* Instructions to follow
Each line of the records needs to be written out exactly, with any image left out.

* Records from a data source
=====

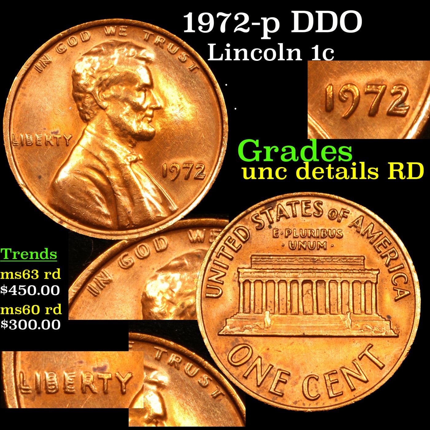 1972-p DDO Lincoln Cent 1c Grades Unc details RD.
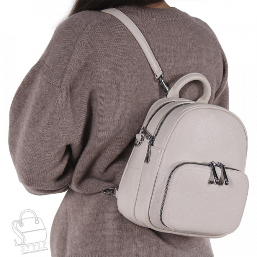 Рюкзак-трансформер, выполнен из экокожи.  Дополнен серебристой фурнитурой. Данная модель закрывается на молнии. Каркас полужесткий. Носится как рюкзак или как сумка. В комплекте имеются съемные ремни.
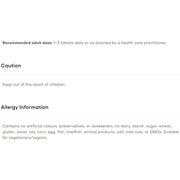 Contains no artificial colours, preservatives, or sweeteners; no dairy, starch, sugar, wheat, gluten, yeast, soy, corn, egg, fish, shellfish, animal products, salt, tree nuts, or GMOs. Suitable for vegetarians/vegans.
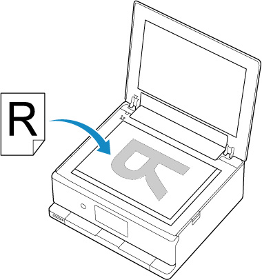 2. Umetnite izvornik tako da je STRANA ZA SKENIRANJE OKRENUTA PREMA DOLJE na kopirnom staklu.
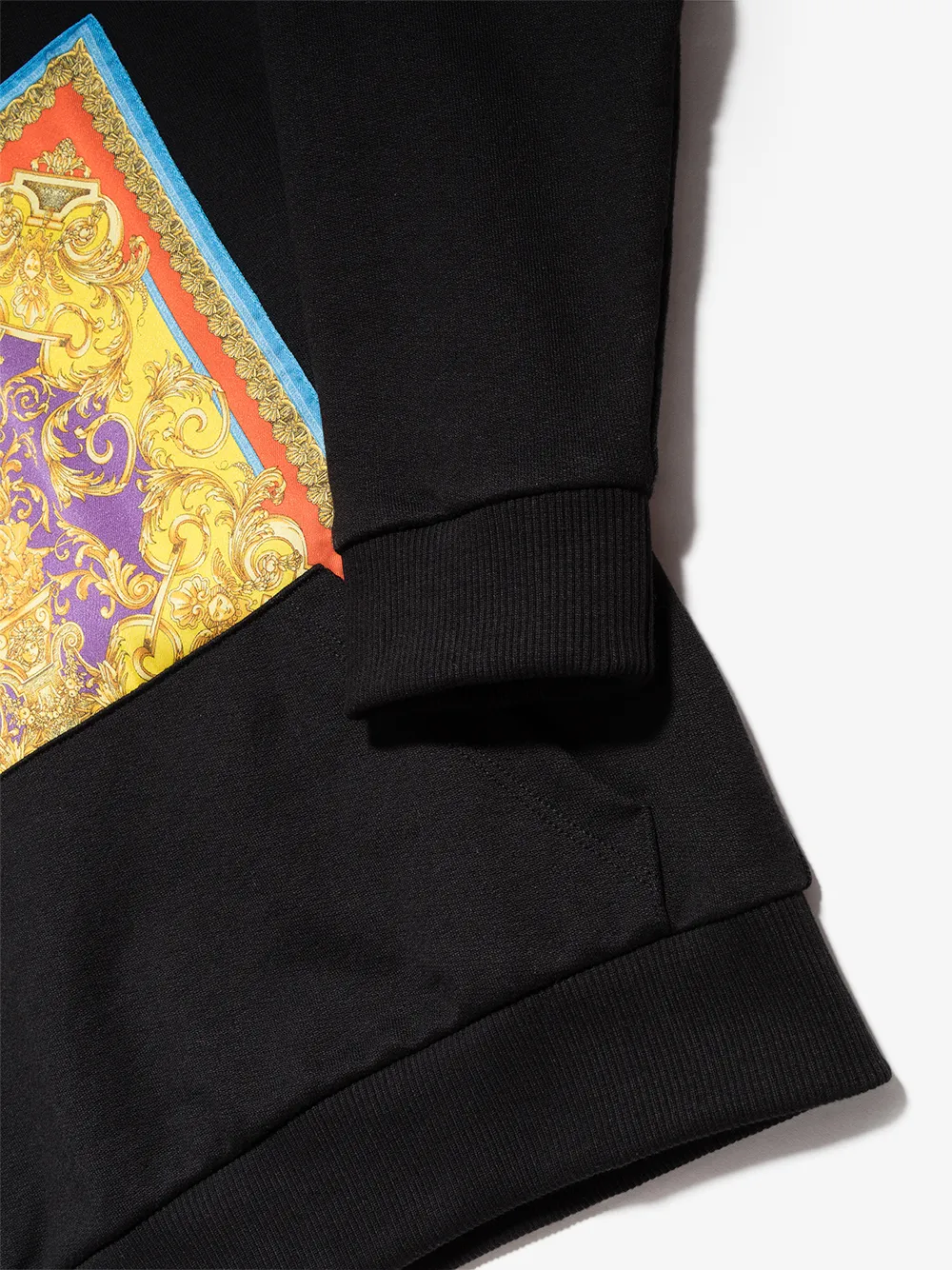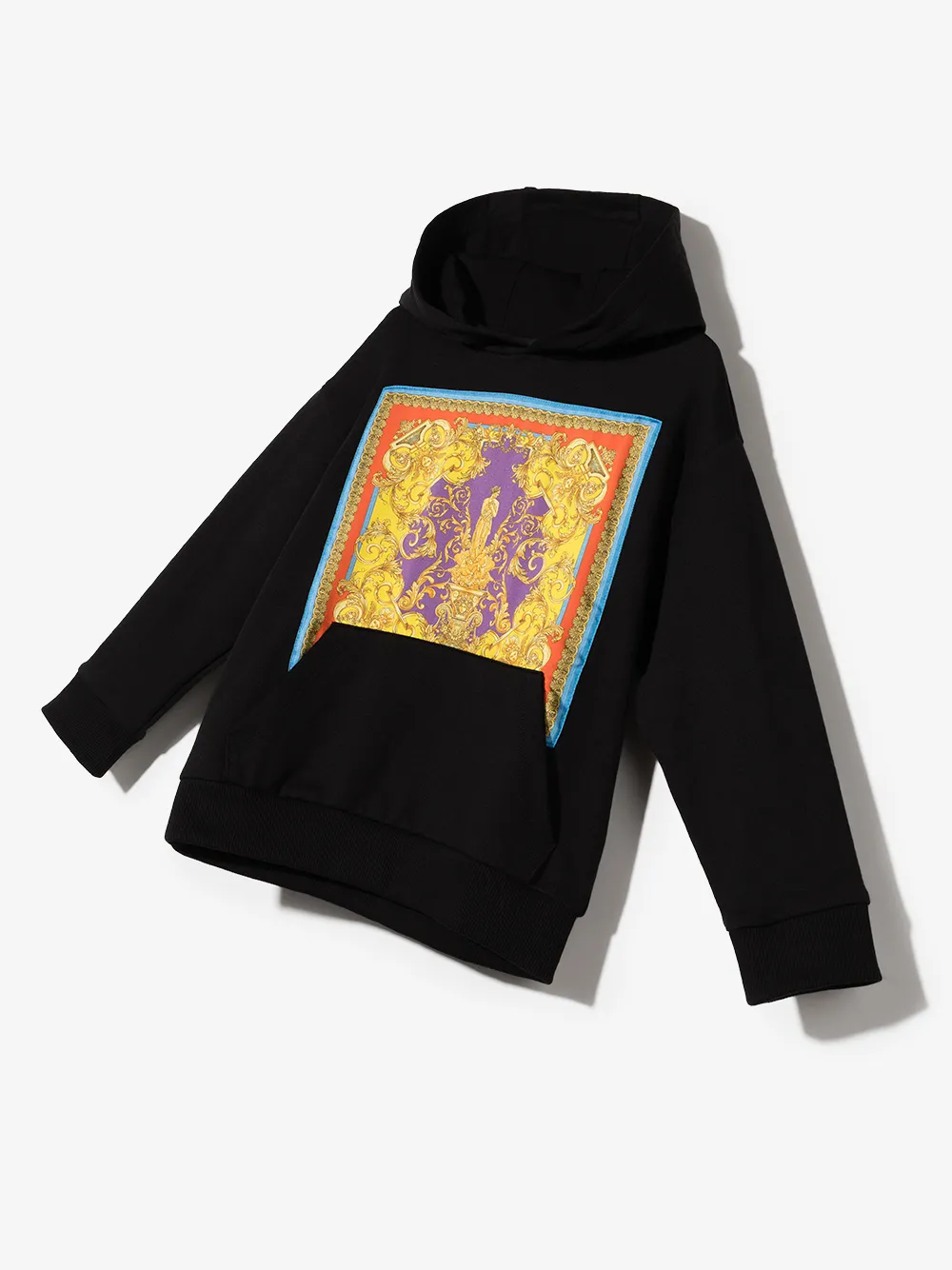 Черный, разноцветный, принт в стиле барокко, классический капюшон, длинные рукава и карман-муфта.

=====

* Response to the exercise
 1972-p DDO Lincoln Cent 1c Grades Unc details RD.
 Рюкзак-трансформер, выполнен из экокожи.  Дополнен серебристой фурнитурой. Данная модель закрывается на молнии. Каркас полужесткий. Носится как рюкзак или как сумка. В комплекте имеются съемные ремни.
 Contains no artificial colours, preservatives, or sweeteners; no dairy, starch, sugar, wheat, gluten, yeast, soy, corn, egg, fish, shellfish, animal products, salt, tree nuts, or GMOs. Suitable for vegetarians/vegans.
 2. Umetnite izvornik tako da je STRANA ZA SKENIRANJE OKRENUTA PREMA DOLJE na kopirnom staklu.
 Черный, разноцветный, принт в стиле барокко, классический капюшон, длинные рукава и карман-муфта.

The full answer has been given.